The 3 months correlation between Aware and Marin is 0.51. Overlapping area represents the amount of risk that can be diversified away by holding Aware Inc and Marin Software in the same portfolio, assuming nothing else is changed. The correlation between historical prices or returns on Marin Software and Aware is a relative statistical measure of the degree to which these equity instruments tend to move together. The correlation coefficient measures the extent to which returns on Aware Inc are associated (or correlated) with Marin Software. Values of the correlation coefficient range from -1 to +1, where. The correlation of zero (0) is possible when the price movement of Marin Software has no effect on the direction of Aware i.e., Aware and Marin Software go up and down completely randomly.

Pair Corralation between Aware and Marin Software

Given the investment horizon of 90 days Aware Inc is expected to generate 0.54 times more return on investment than Marin Software. However, Aware Inc is 1.84 times less risky than Marin Software. It trades about 0.02 of its potential returns per unit of risk. Marin Software is currently generating about 0.0 per unit of risk. If you would invest  172.00  in Aware Inc on October 11, 2024 and sell it today you would lose (15.00) from holding Aware Inc or give up 8.72% of portfolio value over 90 days.
Time Period3 Months [change]
DirectionMoves Together 
StrengthWeak
Accuracy100.0%
ValuesDaily Returns

Aware Inc  vs.  Marin Software

 Performance 
       Timeline  
Aware Inc 

Risk-Adjusted Performance

0 of 100

 
Weak
 
Strong
Very Weak
Over the last 90 days Aware Inc has generated negative risk-adjusted returns adding no value to investors with long positions. In spite of fragile performance in the last few months, the Stock's basic indicators remain rather sound which may send shares a bit higher in February 2025. The latest tumult may also be a sign of longer-term up-swing for the firm shareholders.
Marin Software 

Risk-Adjusted Performance

2 of 100

 
Weak
 
Strong
Weak
Compared to the overall equity markets, risk-adjusted returns on investments in Marin Software are ranked lower than 2 (%) of all global equities and portfolios over the last 90 days. In spite of very healthy forward indicators, Marin Software is not utilizing all of its potentials. The recent stock price disarray, may contribute to short-term losses for the investors.

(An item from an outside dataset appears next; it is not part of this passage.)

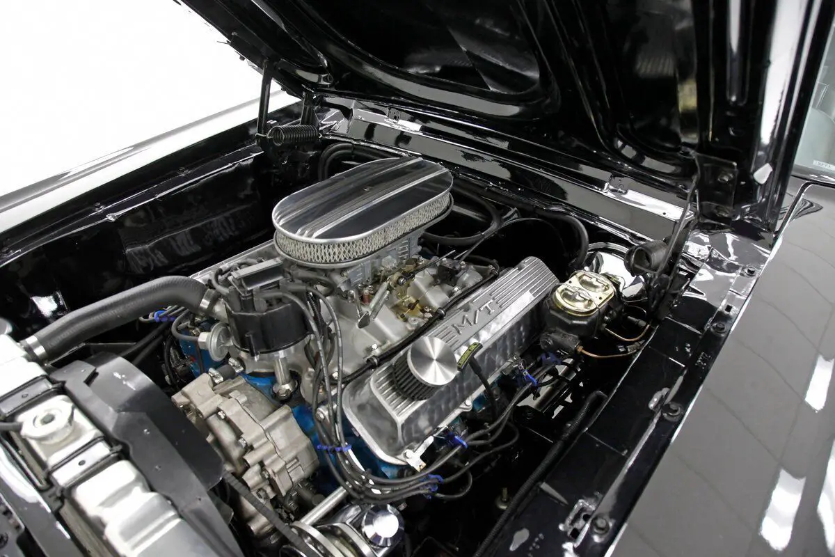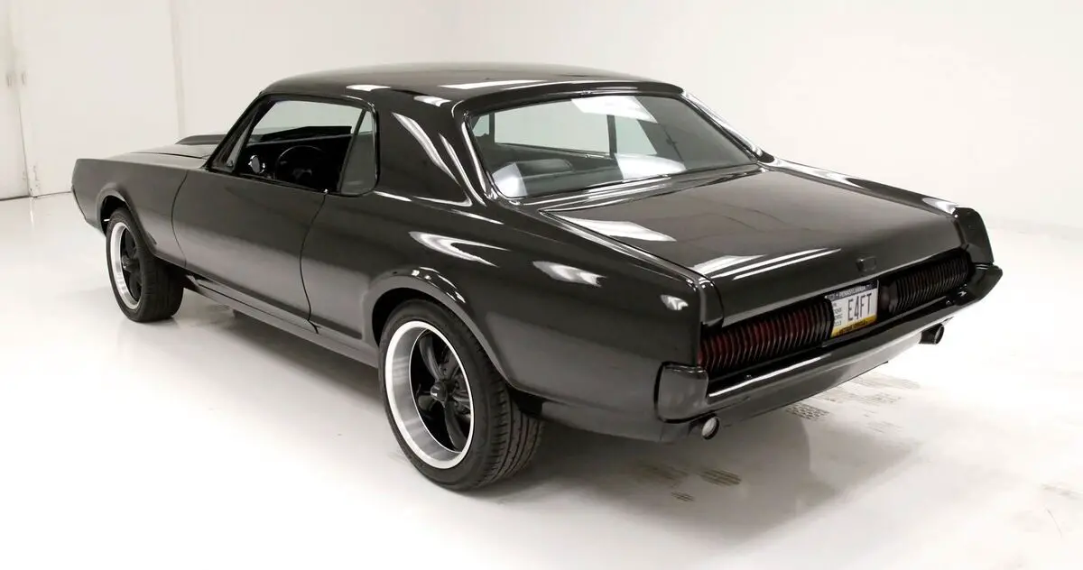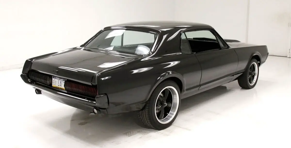 1967 Mercury Cougar Not exactly hot on the heels of Ford Division's extremely successful Mustang, was the 1967 Cougar. Actually, the decision to go ahead and build Mercury's version of the Mustang was made in February of 1965. The Cougar was envisioned to be a more elegant, high line Pony car that would exude a bit more class and yet still encompass the qualities that made the Mustang so popular-a smaller sporty sedan that would handle well and still be economical enough for the younger customer. For consignment...a restomod version of the Cougar right out of 1967. Fully murdered out in sinister black, a big block V8, upgraded suspension, 4-wheel disc brakes and custom touches galore. It's time to grab this untamed kitty by the tail and enjoy the 1967 Motortrend Car of The Year. Exterior The Cougar is quite different from the Mustang in the realm of styling. Most noticeable was the front end "electric shaver" split Grille treatment with concealed headlights and this particular car has upgraded electric actuation and LED lighting that leads to the reverse scooped hood. At the rear, it came with T-Bird sequential taillights. These taillights have had their sequencers removed but still shine brightly. Deep end of the pool sinister midnight black covers the panels which show some usage, inclusion and cracks, particularly at the molded in rear quarter caps but all else is straight and smooth. All chrome and brightwork has been fully blacked out and the door handles have been shaved. Dual exhaust with blacked out tips peek out the back at the bottom of the chassis. Black with polished lip 17 and 18-inch Ridler wheels give this cat sure footing along with staggered size and width blackwall radial rubber. A shout out to the trunk with its plaid finished mat and relocated battery. Meow!! Interior Swinging one of the two doors open, we are met with more black in the form of lowback bomber style buckets with tuck and roll inserts and smooth bolsters. A rear bench, providing room for 3, fills the rear of the cabin and all of the seating appears as new. This car does not sport the XR-7 package so we see the standard clean black padded dash giving way for a black steel lower section and twin round gauge pods in front of the driver. These gauges are some of the few deviations from the all black theme with their silver faces and red pointers. An aftermarket tachometer sits to the left just above the slides for the heater/defroster controls and to the right are a series of warning lights. A late model General Motors steering column fronts the dash and gives us the much appreciated tilt feature. In the center of the dash are ducting outlets and an aftermarket AM/FM/CD player and just below are a trio of white-faced gauges. Medium loop black carpet floods the floors and hanging above is a tight black headliner. Finishing off the interior tour are black vinyl door panels with a vertically stitched center and bright chrome for the door actuators and window cranks. These panels present in good shape but do show some wrinkling of the material, especially around the edges. Drivetrain Under the scooped hood is the roaring heart and soul of this Cougar. A rebuilt and bored .030 blue painted 460ci V8 now resides between the fenders and with ported C9VE-A heads, its growl is heard for miles. This big mill is topped with an aluminum intake manifold and a Holley 750cfm 4bbl carburetor. Keeping things well dressed are polished and ribbed valve covers along with a matching air cleaner assembly. A 3-speed automatic C6 transmission sends power rearward through a 31 spline Ford 8.8" 3.73 TracLoc pumpkin to boil the hides. Undercarriage All solid underneath with miles of black painted steel and undercoating. A solid and clean unibody with subframe connectors provides the backbone for the DMJ independent coil spring front suspension and power rack and pinion steering while in the back we see leaf springs on for the ride. Power disc brakes are noted on all 4 corners, and we see a custom dual exhaust system with Cherrybomb mufflers. All these parts work together to keep this big cat sure footed through all the curves. Drive-Ability A quick starter and very smooth runner with acceleration aplenty just push foot further to floor. Bias free braking thanks to the 4-wheel discs, and good handling make this a luxury muscle car much more upscale than the Mustang, and more powerful especially with that big block up front. Our drive garnished quite a few looks and thumbs up and I enjoyed myself so much with this fully functional Merc that I took a second lap just so I could draw in the excitement again. Restomods are hot these days and this car hits every mark properly. All blacked out and straight as an arrow, this Mercury was well thought out during its build and assembly. Much more luxurious than a Mustang, and in this iteration much more powerful to boot. Visit our Hallowed Halls and keep an eye out for the sign of the cat...this one's ready to bite any challengers. VIN DECODE 7F91C546727 7-1967 F-Dearborn, MI Assy Plant 91-Cougar 2 Door Hardtop C-289ci V8 2bbl 546727-Sequential Unit Number

Aware and Marin Software Volatility Contrast

   Predicted Return Density   
       Returns  

Pair Trading with Aware and Marin Software

The main advantage of trading using opposite Aware and Marin Software positions is that it hedges away some unsystematic risk. Because of two separate transactions, even if Aware position performs unexpectedly, Marin Software can make up some of the losses. Pair trading also minimizes risk from directional movements in the market. For example, if an entire industry or sector drops because of unexpected headlines, the short position in Marin Software will offset losses from the drop in Marin Software's long position.
The idea behind Aware Inc and Marin Software pairs trading is to make the combined position market-neutral, meaning the overall market's direction will not affect its win or loss (or potential downside or upside). This can be achieved by designing a pairs trade with two highly correlated stocks or equities that operate in a similar space or sector, making it possible to obtain profits through simple and relatively low-risk investment.
Check out your portfolio center.
Note that this page's information should be used as a complementary analysis to find the right mix of equity instruments to add to your existing portfolios or create a brand new portfolio. You can also try the Sectors module to list of equity sectors categorizing publicly traded companies based on their primary business activities.